Records from a collection:

*-*-*

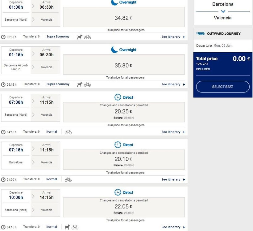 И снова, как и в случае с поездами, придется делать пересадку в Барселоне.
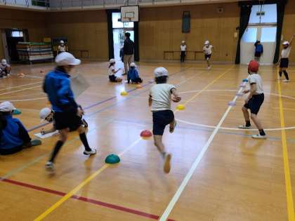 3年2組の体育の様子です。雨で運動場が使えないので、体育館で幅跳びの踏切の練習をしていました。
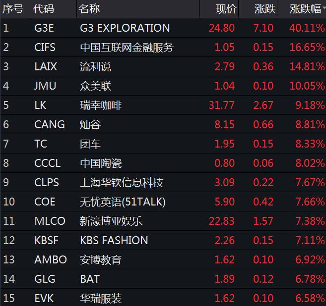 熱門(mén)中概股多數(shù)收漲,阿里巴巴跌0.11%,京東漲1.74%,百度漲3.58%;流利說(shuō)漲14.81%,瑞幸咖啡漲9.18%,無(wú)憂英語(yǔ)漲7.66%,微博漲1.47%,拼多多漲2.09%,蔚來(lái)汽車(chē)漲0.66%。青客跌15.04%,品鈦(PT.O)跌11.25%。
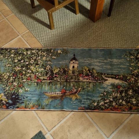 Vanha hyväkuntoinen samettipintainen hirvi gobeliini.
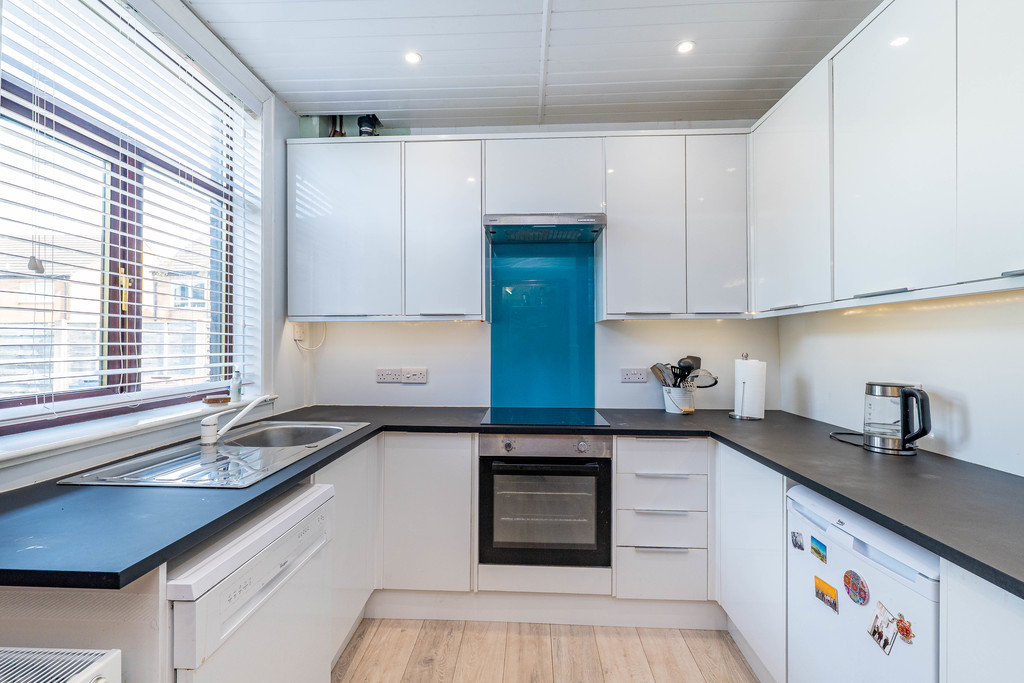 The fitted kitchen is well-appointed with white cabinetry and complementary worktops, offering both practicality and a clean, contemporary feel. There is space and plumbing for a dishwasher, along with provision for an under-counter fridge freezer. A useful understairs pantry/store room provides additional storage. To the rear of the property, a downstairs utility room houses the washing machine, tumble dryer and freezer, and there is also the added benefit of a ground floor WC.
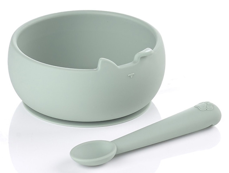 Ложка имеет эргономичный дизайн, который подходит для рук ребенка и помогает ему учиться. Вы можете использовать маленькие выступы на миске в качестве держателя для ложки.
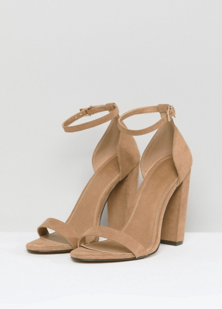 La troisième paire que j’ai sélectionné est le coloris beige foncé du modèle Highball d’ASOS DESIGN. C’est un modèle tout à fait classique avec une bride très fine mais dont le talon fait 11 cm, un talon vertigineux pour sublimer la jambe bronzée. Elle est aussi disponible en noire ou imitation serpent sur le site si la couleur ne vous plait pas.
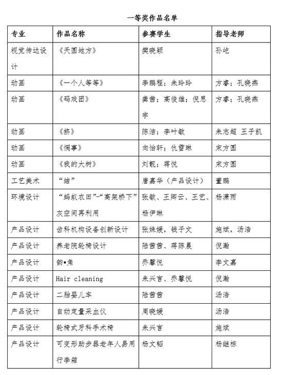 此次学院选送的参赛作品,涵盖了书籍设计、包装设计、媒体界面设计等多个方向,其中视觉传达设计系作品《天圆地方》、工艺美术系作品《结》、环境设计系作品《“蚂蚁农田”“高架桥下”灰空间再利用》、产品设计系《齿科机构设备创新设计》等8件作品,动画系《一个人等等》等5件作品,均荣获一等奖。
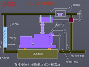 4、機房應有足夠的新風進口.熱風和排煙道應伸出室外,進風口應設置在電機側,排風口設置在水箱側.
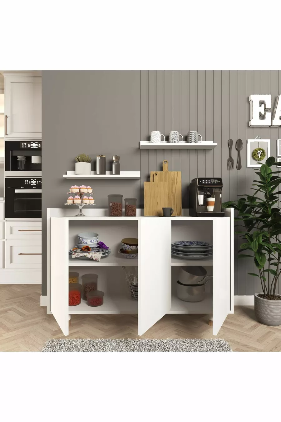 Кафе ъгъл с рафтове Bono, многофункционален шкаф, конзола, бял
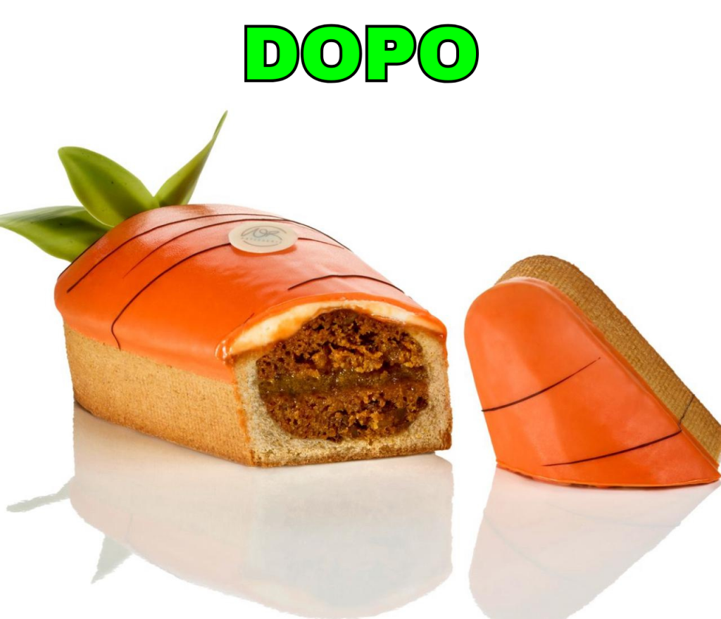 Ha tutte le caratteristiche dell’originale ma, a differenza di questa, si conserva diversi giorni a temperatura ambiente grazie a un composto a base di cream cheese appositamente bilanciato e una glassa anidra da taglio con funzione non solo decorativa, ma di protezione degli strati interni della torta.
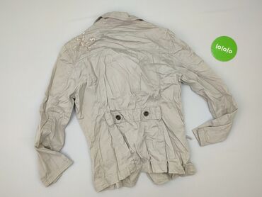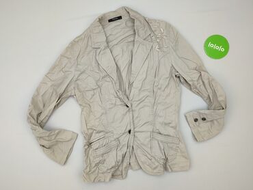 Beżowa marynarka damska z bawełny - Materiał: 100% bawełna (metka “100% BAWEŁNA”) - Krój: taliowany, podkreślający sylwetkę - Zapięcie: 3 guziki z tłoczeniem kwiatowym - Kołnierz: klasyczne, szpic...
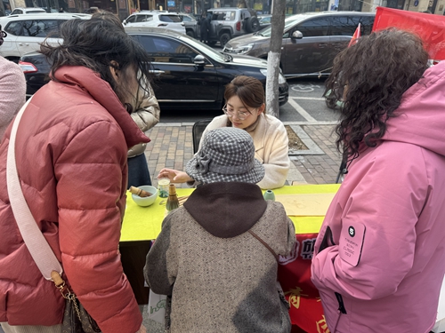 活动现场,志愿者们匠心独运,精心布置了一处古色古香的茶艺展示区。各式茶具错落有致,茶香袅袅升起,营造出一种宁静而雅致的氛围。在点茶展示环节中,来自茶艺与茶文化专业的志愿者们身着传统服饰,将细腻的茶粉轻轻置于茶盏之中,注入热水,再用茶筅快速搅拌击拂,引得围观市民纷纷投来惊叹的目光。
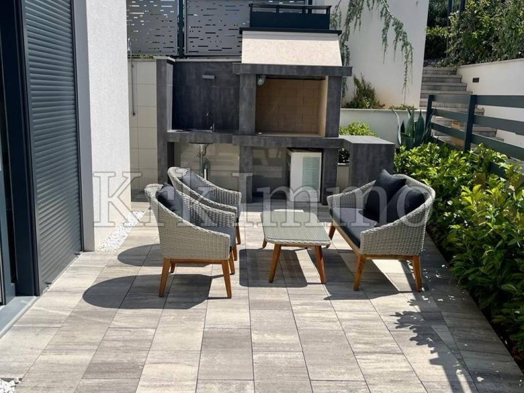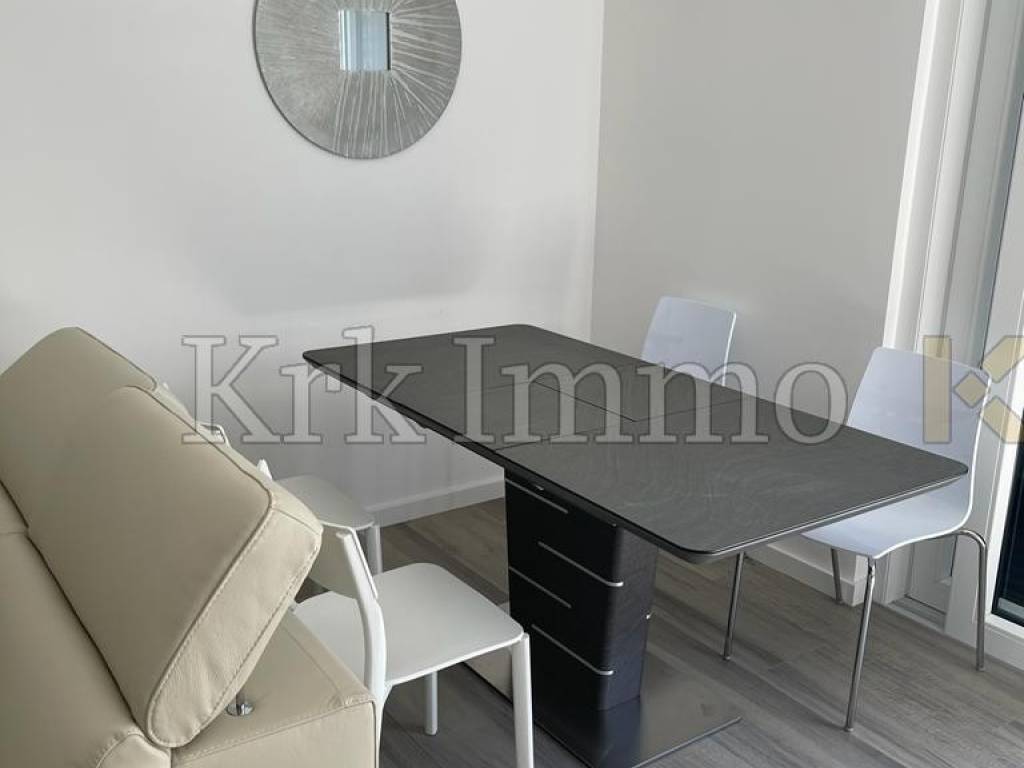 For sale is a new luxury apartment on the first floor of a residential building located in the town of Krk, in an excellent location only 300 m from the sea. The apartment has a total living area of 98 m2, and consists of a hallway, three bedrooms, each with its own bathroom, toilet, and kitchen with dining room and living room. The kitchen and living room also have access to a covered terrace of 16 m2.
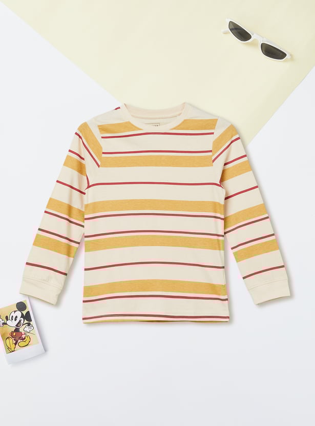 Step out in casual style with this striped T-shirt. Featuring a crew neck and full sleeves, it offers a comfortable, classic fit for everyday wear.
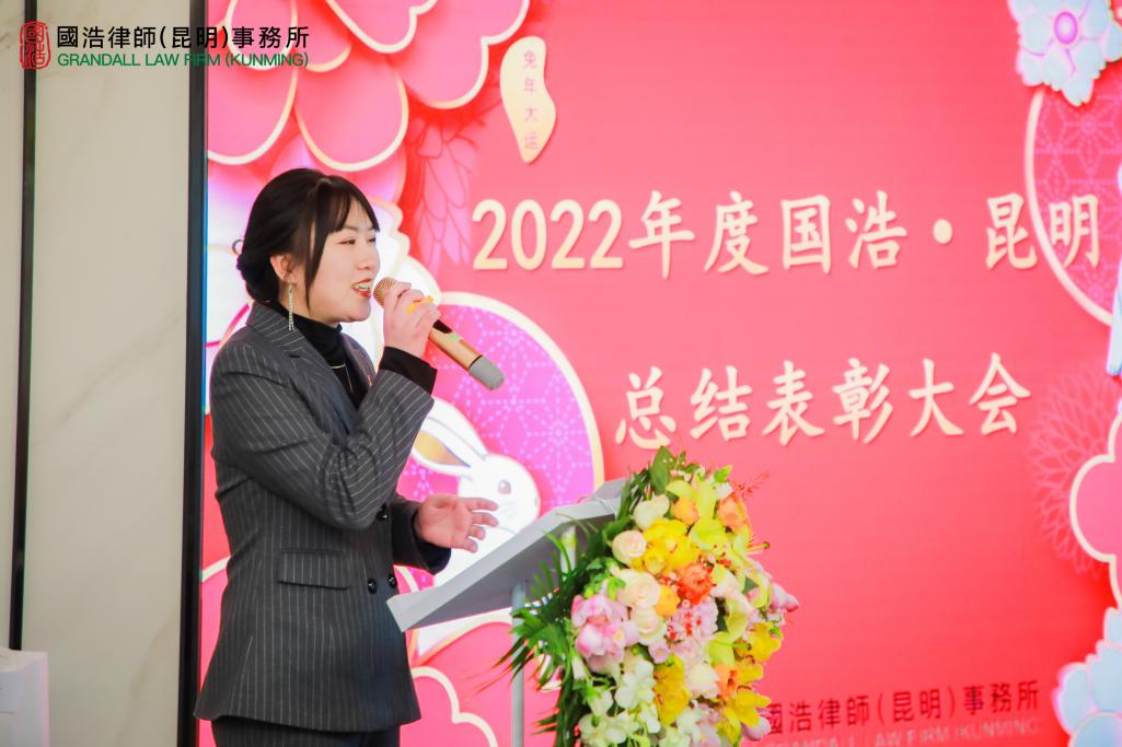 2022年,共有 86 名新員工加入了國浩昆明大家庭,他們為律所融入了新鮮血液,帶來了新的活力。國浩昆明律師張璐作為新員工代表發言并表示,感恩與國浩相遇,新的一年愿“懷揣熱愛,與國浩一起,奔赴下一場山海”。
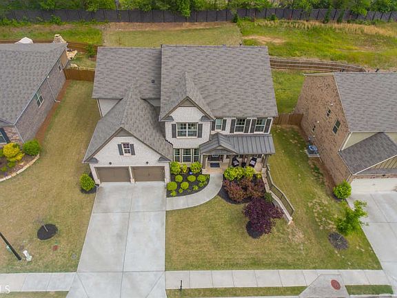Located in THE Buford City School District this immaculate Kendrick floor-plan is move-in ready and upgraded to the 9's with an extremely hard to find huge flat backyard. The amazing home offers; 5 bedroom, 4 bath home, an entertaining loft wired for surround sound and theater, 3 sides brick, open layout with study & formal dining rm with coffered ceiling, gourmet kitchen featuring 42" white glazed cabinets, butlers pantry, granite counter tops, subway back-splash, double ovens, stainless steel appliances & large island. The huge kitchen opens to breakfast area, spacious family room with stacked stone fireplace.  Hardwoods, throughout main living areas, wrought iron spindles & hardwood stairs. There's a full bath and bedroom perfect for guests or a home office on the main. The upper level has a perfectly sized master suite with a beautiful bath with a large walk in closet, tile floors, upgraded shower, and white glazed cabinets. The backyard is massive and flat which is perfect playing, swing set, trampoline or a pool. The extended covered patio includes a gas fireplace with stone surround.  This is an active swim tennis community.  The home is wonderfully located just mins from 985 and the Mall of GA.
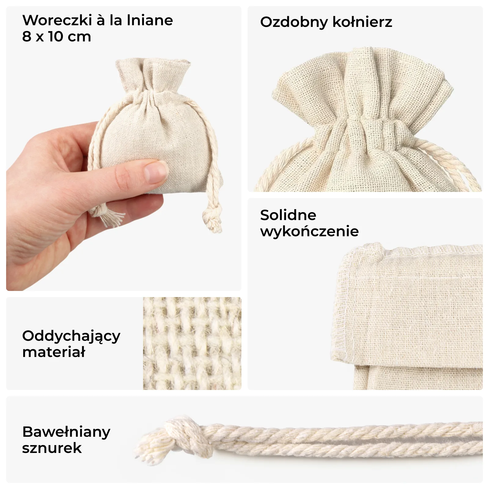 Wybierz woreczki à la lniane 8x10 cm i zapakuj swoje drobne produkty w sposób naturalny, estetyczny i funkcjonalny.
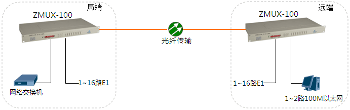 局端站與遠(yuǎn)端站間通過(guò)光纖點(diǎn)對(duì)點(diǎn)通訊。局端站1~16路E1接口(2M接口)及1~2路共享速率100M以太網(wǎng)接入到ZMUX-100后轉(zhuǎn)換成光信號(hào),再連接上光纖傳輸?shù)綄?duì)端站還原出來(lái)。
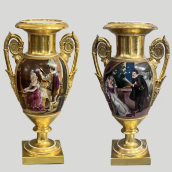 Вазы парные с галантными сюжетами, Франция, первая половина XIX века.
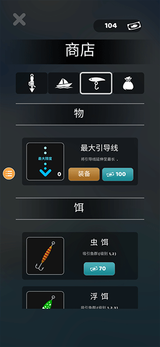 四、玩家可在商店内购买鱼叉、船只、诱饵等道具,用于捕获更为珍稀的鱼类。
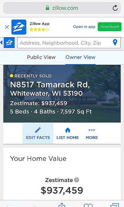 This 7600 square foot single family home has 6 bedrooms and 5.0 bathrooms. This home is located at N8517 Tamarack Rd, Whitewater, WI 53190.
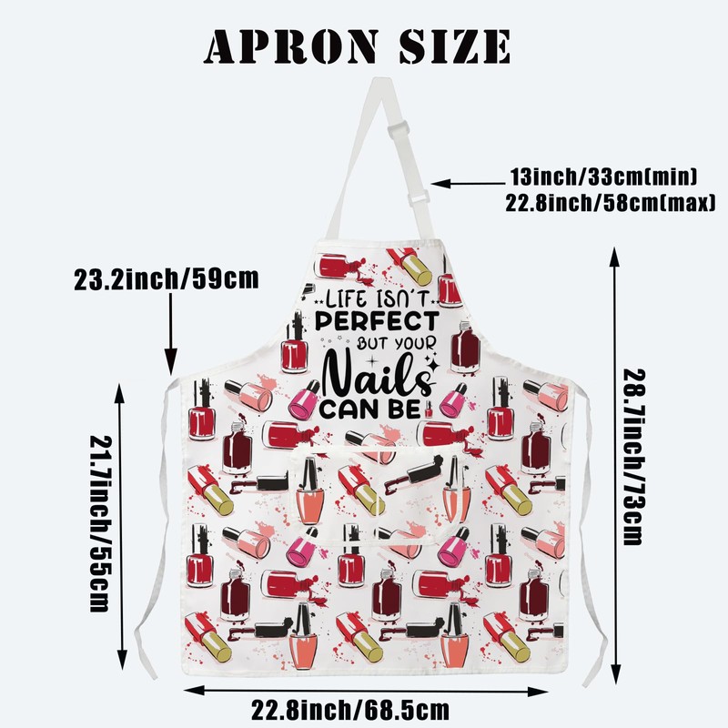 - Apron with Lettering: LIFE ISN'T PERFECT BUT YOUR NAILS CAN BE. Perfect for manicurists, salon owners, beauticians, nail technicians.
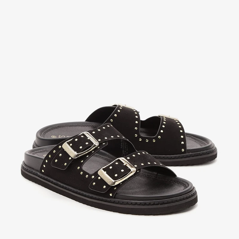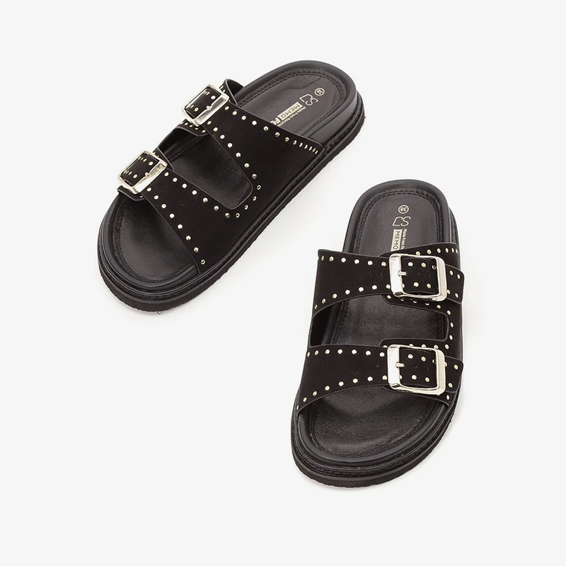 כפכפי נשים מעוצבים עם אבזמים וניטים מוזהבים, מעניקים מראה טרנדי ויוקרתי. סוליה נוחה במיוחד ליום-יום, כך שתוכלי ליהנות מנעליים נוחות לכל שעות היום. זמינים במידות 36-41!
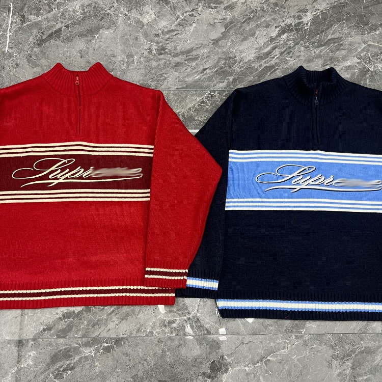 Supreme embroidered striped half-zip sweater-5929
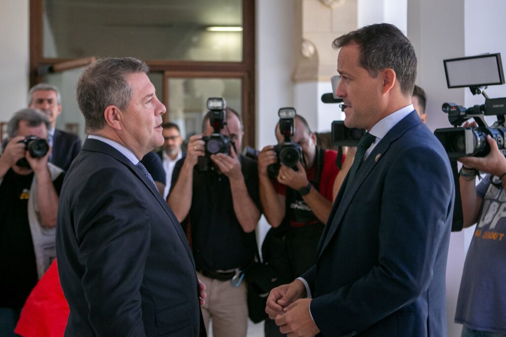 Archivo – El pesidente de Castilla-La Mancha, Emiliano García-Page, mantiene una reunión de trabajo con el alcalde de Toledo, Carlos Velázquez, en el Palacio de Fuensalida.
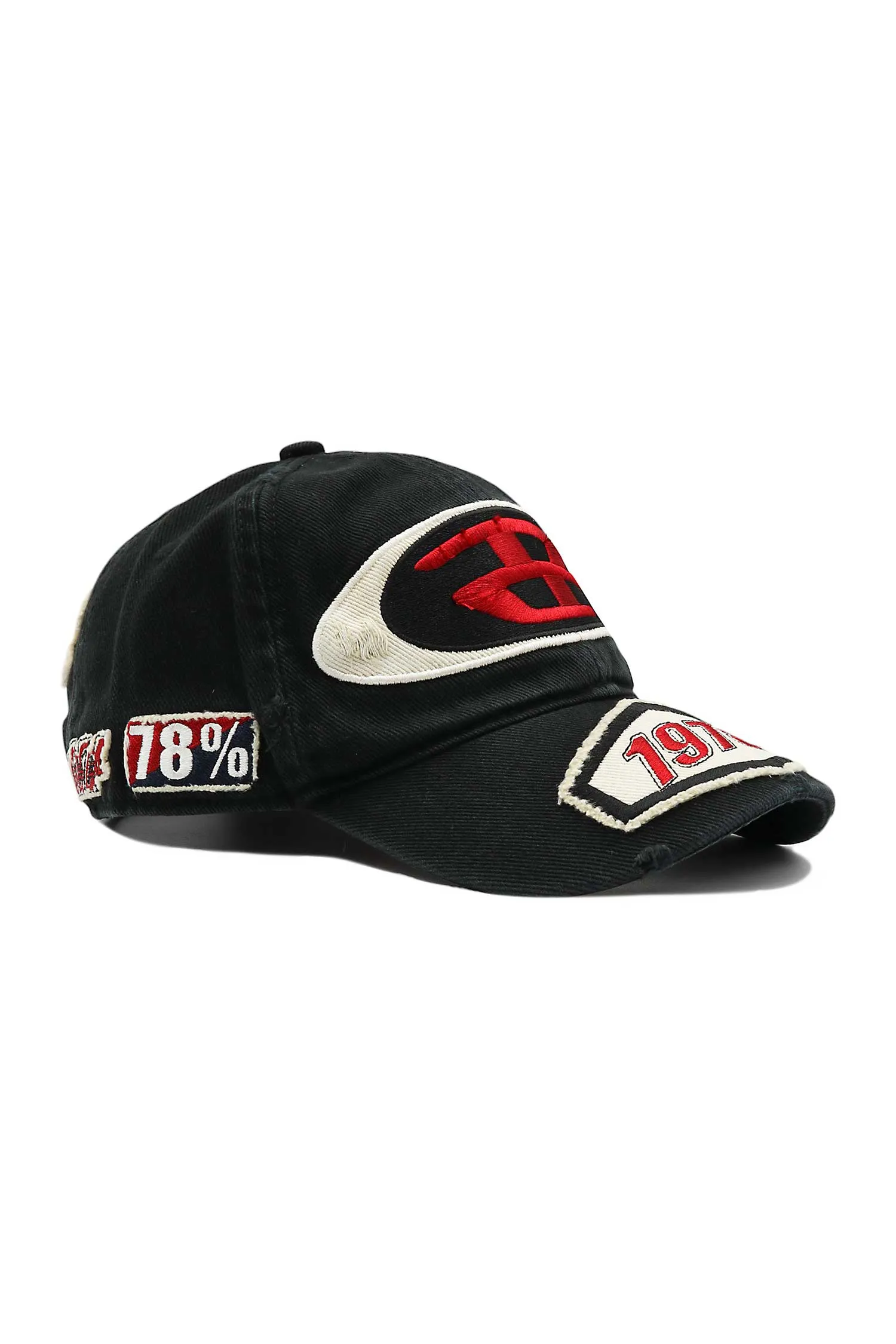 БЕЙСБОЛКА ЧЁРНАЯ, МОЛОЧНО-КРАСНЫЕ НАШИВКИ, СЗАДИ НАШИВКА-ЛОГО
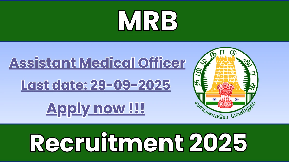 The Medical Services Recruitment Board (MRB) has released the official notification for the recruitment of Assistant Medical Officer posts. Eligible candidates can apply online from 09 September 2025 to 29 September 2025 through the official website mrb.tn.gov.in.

*-*-*

→ **ACTIVITY**
For the entries above, print exactly the lines between the one with "La troisième paire" and the one with "Кафе ъгъл с", inclusive, with no pictures.

→ **REPLY TO THE EXERCISE**
 La troisième paire que j’ai sélectionné est le coloris beige foncé du modèle Highball d’ASOS DESIGN. C’est un modèle tout à fait classique avec une bride très fine mais dont le talon fait 11 cm, un talon vertigineux pour sublimer la jambe bronzée. Elle est aussi disponible en noire ou imitation serpent sur le site si la couleur ne vous plait pas.
 此次学院选送的参赛作品,涵盖了书籍设计、包装设计、媒体界面设计等多个方向,其中视觉传达设计系作品《天圆地方》、工艺美术系作品《结》、环境设计系作品《“蚂蚁农田”“高架桥下”灰空间再利用》、产品设计系《齿科机构设备创新设计》等8件作品,动画系《一个人等等》等5件作品,均荣获一等奖。
 4、機房應有足夠的新風進口.熱風和排煙道應伸出室外,進風口應設置在電機側,排風口設置在水箱側.
 Кафе ъгъл с рафтове Bono, многофункционален шкаф, конзола, бял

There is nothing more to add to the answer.